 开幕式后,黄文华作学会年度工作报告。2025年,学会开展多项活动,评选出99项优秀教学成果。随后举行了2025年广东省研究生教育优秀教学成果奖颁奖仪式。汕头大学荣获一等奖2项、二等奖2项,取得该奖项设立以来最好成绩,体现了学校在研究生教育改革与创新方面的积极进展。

* * *

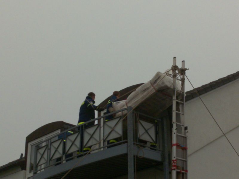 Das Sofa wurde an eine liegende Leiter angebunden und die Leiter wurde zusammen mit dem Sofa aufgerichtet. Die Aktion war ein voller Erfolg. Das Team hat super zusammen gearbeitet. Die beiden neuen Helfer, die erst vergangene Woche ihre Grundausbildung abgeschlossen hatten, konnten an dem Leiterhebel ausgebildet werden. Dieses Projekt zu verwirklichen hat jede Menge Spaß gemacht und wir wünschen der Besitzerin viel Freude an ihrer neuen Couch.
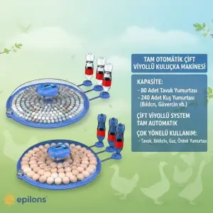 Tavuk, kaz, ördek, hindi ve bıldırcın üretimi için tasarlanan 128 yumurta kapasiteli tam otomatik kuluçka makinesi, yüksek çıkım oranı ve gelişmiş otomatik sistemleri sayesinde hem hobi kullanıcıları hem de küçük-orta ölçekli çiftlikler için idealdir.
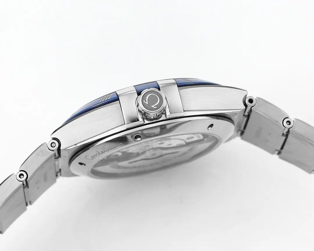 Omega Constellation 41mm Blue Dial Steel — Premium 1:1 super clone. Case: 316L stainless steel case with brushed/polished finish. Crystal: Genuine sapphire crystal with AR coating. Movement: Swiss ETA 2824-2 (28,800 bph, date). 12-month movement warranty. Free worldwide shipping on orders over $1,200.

# Exercise brief:
In the data above, start at the line holding "Das Sofa wurde" and stop after the line holding "Tavuk, kaz, ördek, hindi"; write out those lines exactly, without pictures.

# Task output:
 Das Sofa wurde an eine liegende Leiter angebunden und die Leiter wurde zusammen mit dem Sofa aufgerichtet. Die Aktion war ein voller Erfolg. Das Team hat super zusammen gearbeitet. Die beiden neuen Helfer, die erst vergangene Woche ihre Grundausbildung abgeschlossen hatten, konnten an dem Leiterhebel ausgebildet werden. Dieses Projekt zu verwirklichen hat jede Menge Spaß gemacht und wir wünschen der Besitzerin viel Freude an ihrer neuen Couch.
 Tavuk, kaz, ördek, hindi ve bıldırcın üretimi için tasarlanan 128 yumurta kapasiteli tam otomatik kuluçka makinesi, yüksek çıkım oranı ve gelişmiş otomatik sistemleri sayesinde hem hobi kullanıcıları hem de küçük-orta ölçekli çiftlikler için idealdir.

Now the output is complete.